If N. oceanica and N. gaditana do not need these complexes, they must have adopted a membrane system different from that of P. tricornutum during evolution. Secondary endosymbiosis is always believed to be a passive process in which the host protist engulfs a photosynthesizing alga and enslaves its plastid but discards its mitochondria. This widely accepted mechanism hypothesized that: the newly appearing chloroplast must be covered by four membranes. The outermost membrane possibly originated from the endoplasmic reticulum, while the periplastid membrane possibly originated from the host cellular membrane, and the two interior membranes were inherited from the first endosymbiosis; a new system must import proteins synthesized in the cytoplasm into the periplastid compartment and the stroma of plastids; and the genes of the enslaved nucleus must undergo horizontal transfer to the host nucleus on a large scale. It seems that this mechanism has received strong support from the studies carried out in some Chromista47,48,49. However, this mechanism also has exceptions, including, for example, the absence of the components of the protein import system in many other species, including N. oceanica and N. gaditana as analyzed in this study.

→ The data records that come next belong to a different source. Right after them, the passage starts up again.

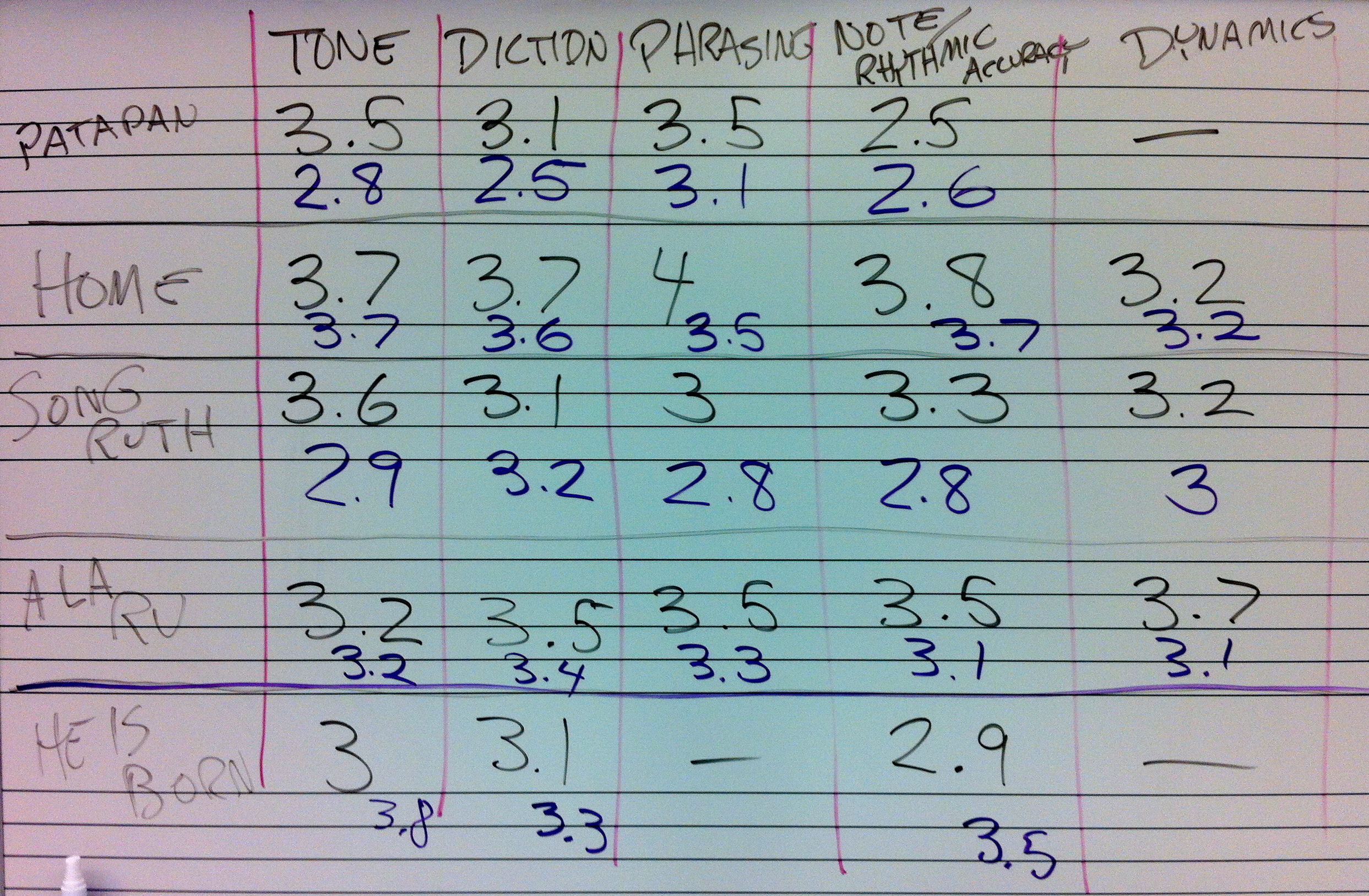 FRESHMAN TREBLE CHOIR. The first observation is that the weakest performance indicators for the first concert (purple numbers) were not the same for each song. Diction was the weakest indicator for Patapan, dynamics for Home, phrasing/note accuracy for Song Of Ruth, etc. This was cool for the singers to see, because as directors we know that each selection has its own unique challenges and needs. The kids could see a visual of that (after all, it was their own scores!). It informed the singers that they couldn’t just concentrate more on one overall indicator, they had to apply unique goals for each song.
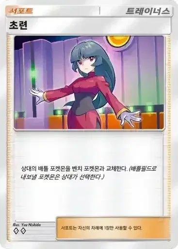 초련 | 상대의 배틀 포켓몬을 벤치 포켓몬과 교체한다. (배틀필드로 내보낼 포켓몬은 상대가 선택한다.) | 리자몽 |
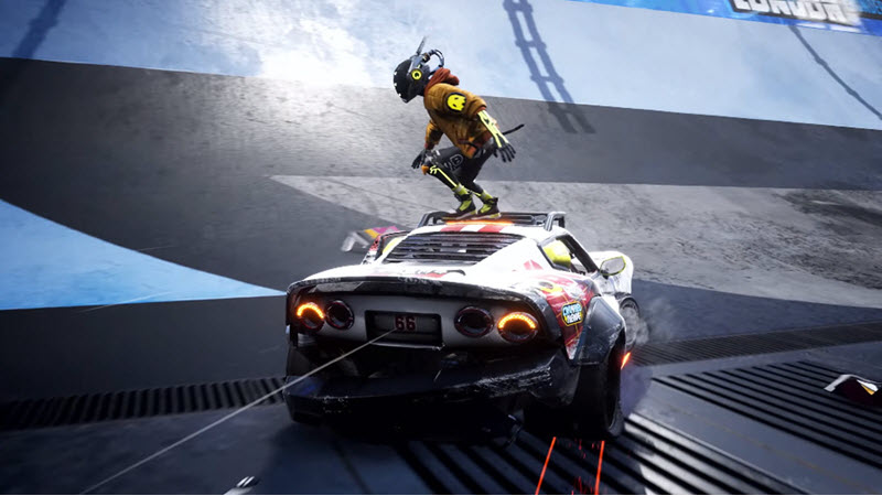 اللعبة تدمج ما بين حلبات السيارات التي يمكنها ان تتصادم وتدمر بعضها البعض وايضا الشخصيات التي يمكنها ان تخرج من هذه المركبات وتتباع اللعبة من خلال ازعاج اللاعبين المنافسين واحداث فوضة داخل الحلبة تتسبب في خسران بعض المنافسين مركباتهم.
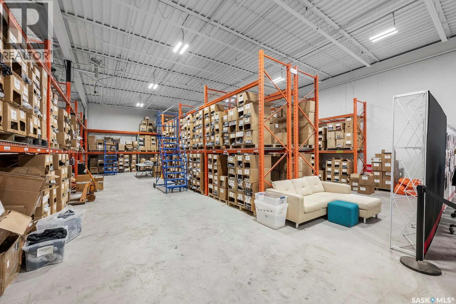 Historic and character-filled building (formerly Signal Industries) offers flexible spaces for lease ranging from 7,920 sqft up to 17,620 sqft. (when combined with two adjacent spaces to each side). This particular space is a wide open warehouse set up, ideal for storage or light industrial warehouse type of use with high ceilings and bright lights throughout. There are 2 bathrooms,

In our assumption of N. oceanica speciation, the chloroplast of N. oceanica was enveloped outside by two layers of endoplasmic reticulum, which is homogeneous to that found in the cytoplasm. Sec61 and ERAD should be involved in transportation into and out of the endoplasmic reticulum45. Although some modifications may exist, the protein transportation system of Nannochloropsis was inherited from the symbiont, e.g., an ancestral single-cell red alga. This evolutionary path would readily explain the speciation of Nannochloropsis.

The two nuclei fused to make a hybrid nucleus, which then reduced its genetic information by haploidization. During this kind of evolution, diverse structures and functions may have been lost through either selection or genetic drift or both, including motility and sexual reproduction. The flagellum plays important roles in competition for nutrients by enabling rapid movement, and thus, rapid finding, capture, and ingestion of prey. It also helps autotrophic and mixotrophic species sense and receive solar light. It is known that all species in the genus Nannochloropsis are extremely small, structurally simple and nonmotile13. The advantages and/or disadvantages of these characteristics in evolution remain unclear. However, these characteristics may imply the loss of structures, thus marking the reduction of the Nannochloropsis genome. In this study, we found that most flagellum-associating genes were lost, providing at least one example of such change during the speciation of N. oceanica.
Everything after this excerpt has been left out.